Quoi qu’on en dise, le Premier ministre hongrois Viktor Orbán aura eu le mérite de faire savoir au monde occidental que la Hongrie existe (même si beaucoup ont encore du mal à la situer sur une carte). Ce n’est déjà pas si mal ! La Hongrie, ce petit pays d’à peine 10 millions d’âmes dont personne ne se souciait juqu’ici – mis à part les intermèdes Sissi-Romy Schneider, 1956, Rubik’s Cube… et Sarkozy – occupe aujourd’hui les unes des journaux et soulève des vagues d’indignation à Bruxelles, Strasbourg et Washington. Du jamais vu depuis 1956 !
La Hongrie monopolisa justement des heures durant les débats au Parlement européen mercredi dernier à Strasbourg. Débats que j’ai suivis dans leur intégralité (en traduction hongroise). Quelle que soit sa position, on ne peut qu’être effaré par la faiblesse des interventions. La plupart des orateurs, visiblement mal informés, se contentaient de belles phrases creuses ou d’allégations gratuites et infondées, qualifiant par exemple l’ancienne constitution de stalinienne[1. D’après Joseph Daul]. En fait, si la constitution hongroise remonte à 1949, elle a été largement refondue en 1989 et plusieurs fois amendée par la suite puis mise aux normes de Bruxelles lors de l’adhésion de la Hongrie en 2004. Bref, stalinienne pure et dure ! De plus, voulant sans doute profiter de la couverture médiatique qui leur était offerte, les parlementaires étaient bien trop nombreux (peut-être une bonne trentaine) à vouloir prendre la parole pour que chacun puisse ajouter son petit grain de sel pendant les trois-quatre minutes d’intervention réglementaires. En fait de discussions, cela donna un verbiage pénible et ennuyeux comme tout.
Au milieu de ces arguties, Viktor Orbán s’est montré particulièrement habile. Souriant, calme et attentif, il s’est présenté comme un ami de l’Europe, voire (inspiration géniale !) en grand gaulliste. Le problème est que tous ces bons députés ignorent sa maîtrise du double langage. Depuis les bords du Rhin, ces dames et ces messsieurs de bonne volonté n’entendent pas les beaux discours nationalistes et xénophobes qu’il nous réserve sur les rives du Danube. C’est ainsi qu’ils ignorent comment, pas plus tard que lundi dernier, Viktor Orbán a qualifié les produits étrangers – et donc les produits de leuurs industries nationales respectives – de « déchets » (sic : « hulladék ») à rejeter, exemple qui illustre bien sa propagande haineuse[2. Une attitude à distinguer de la défense somme toute compréhensible d’une certaine préférence nationale]. Ces mêmes députés ne voient pas non plus, à moins qu’ils ne regardent les chaînes de télévision hongroises, ce beau décor d’immenses drapeaux hongrois – sans le moindre drapeau européen – qui constitue le fond de ses interventions. Un détail qui en dit long sur ce grand ami de l’Europe.

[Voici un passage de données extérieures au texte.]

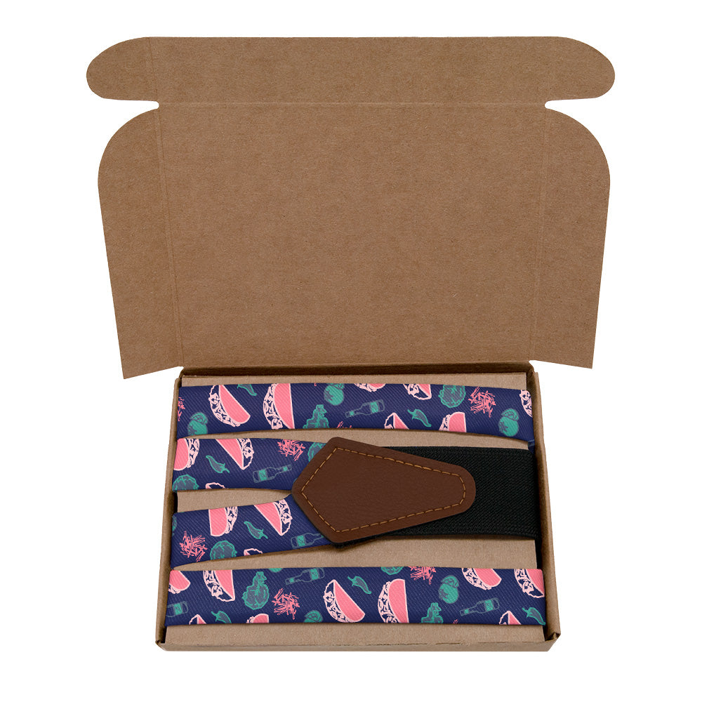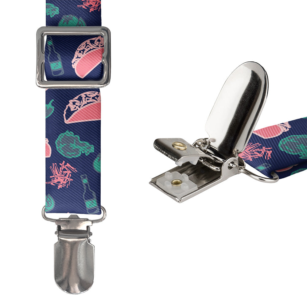 Our Taco Tuesday suspenders are made from a high quality poly twill made from recycled plastic water bottles.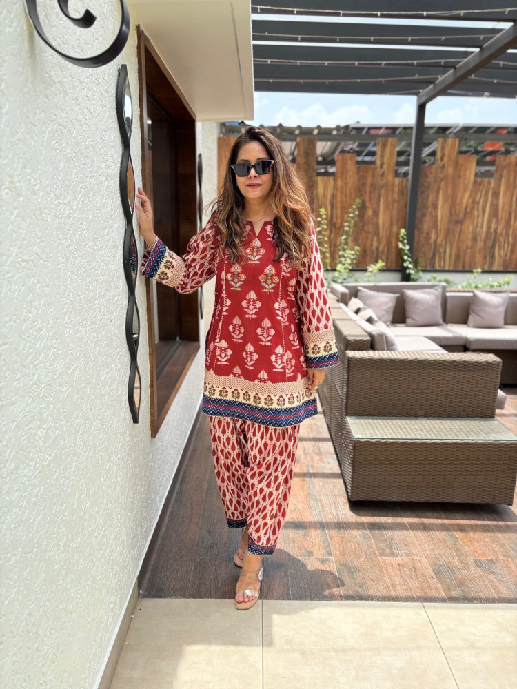 Cotton Co-ord Set with Embroidery, Patchwork and Gota Detailing. * Length : Kurta 34 inches Pants 37 inches

A la réflexion, le cas hongrois met tristement en évidence les faiblesses criantes de l’assemblée strasbourgeoise. Probablement compétente en matière de principes généraux et de défense abstraite des valeurs communes de l’Union. Mais dès lors qu’il s’agit de traiter de la situation très particulière et complexe (une constitution, 30 lois organiques, plus de 250 lois votées en 18 mois) de l’un des ses membres, comme ce fut le cas mercredi, le doute est permis.
À la décharge des 754 députés européens : comment peuvent-ils, entre membres de 27 Etats de langues et cultures différentes (23 langues officielles), se prononcer sur la situation de l’un des leurs dont il ne pratiquent pas la langue, ne peuvent lire les textes qu’en diagonale et par traduction interposée, et, surtout, ne vivent pas au quotidien le climat social de pays où ils n’ont peut-être même jamais mis les pieds ? C’est là une différence de taille avec nos assemblées nationales.
Enfin, le regroupement artificiel entre partis (issus de 27 pays !) censés partager les mêmes valeurs complique encore la donne. Quoi de commun entre la droite hyper conservatrice hongroise, le Fidesz, et notre UMP, pourtant rassemblés au sein du même Parti populaire européen ? Je pourrais en dire autant au sujet du MSZP (parti socialiste) hongrois et de notre PS au passé et aux traditions on ne peut plus différentes. Voilà de quoi nous rendre bien sceptiques quant à la solidarité de façade entre faux partis frères.
Sans sombrer dans l’euroscepticisme, on peut donc douter de la compétence, de la crédibilité et de l’efficacité d’une telle assemblée, dès lors qu’il s’agit d’examiner un cas aussi complexe que la Hongrie.